Fortunately, many people who have never been convicted of a crime also believe that our current system of “justice” is broken and needs fixing. These advocates believe that not only do victims of crime need more attention for healing, but that wholeness cannot be achieved if the brokenness of offenders and communities is not also healed. These are the advocates for a restorative approach to justice.

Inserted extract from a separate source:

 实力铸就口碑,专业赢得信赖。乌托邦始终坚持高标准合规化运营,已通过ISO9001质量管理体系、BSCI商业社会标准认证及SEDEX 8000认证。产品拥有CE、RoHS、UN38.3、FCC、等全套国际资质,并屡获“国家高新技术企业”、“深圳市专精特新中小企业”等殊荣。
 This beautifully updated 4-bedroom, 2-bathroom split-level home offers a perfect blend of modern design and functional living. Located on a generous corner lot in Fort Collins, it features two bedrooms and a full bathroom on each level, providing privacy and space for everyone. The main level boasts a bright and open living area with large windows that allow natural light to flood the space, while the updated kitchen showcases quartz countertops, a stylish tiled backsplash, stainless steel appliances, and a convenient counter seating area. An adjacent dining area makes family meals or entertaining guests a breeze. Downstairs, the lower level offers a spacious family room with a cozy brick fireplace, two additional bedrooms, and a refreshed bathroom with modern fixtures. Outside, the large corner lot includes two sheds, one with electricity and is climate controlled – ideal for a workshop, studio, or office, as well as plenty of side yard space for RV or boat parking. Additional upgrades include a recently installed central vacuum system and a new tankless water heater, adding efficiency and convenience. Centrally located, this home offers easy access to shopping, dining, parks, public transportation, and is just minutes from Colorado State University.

On October 13, 2018, several hundred restorative justice advocates gathered at Calvin College in Grand Rapids, Michigan and listened to several speakers at the second annual Michigan Restorative Justice Conference. This year’s speakers included philosopher and Yale professor Nicholas Woltersdorff, PH.D., Dominique Gilliard (author of Rethinking Incarceration), Father Kelly of Precious Blood Reconciliation Ministries, Michigan Representative David LeGrand, Jerlin Riley (the mother of a murdered son), and Charlotte Witvliet, PH.D. (forgiveness researcher and professor at Hope College).

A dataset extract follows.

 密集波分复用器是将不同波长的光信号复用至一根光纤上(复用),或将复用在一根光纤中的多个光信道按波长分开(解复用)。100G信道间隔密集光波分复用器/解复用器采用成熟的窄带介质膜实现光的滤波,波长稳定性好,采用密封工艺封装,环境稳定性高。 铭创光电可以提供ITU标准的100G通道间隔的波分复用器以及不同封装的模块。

If you, like me, wonder how restorative justice can be put into practice, you’ll want to check out the videos of this year’s conference. They are available for viewing at www.calvin.edu/prison-initiative/resources. This year’s conference theme was Radical Reconciliation, which I found especially reflected in “Mother” Jerlin’s message of hope and forgiveness for her son’s murderer (who is a good friend of mine). Her message fanned the flame of hope in my heart for radical reconciliation in my own damaged and broken relationships. Her message, and the other excellent presentations, also gave me hope for restored wholeness, both for those I’ve harmed and for me when I return to society again. Restorative justice *is* a radical approach to justice, but it’s the only approach that seeks wholeness and healing for all parties harmed by crime: victims, offenders, and communities.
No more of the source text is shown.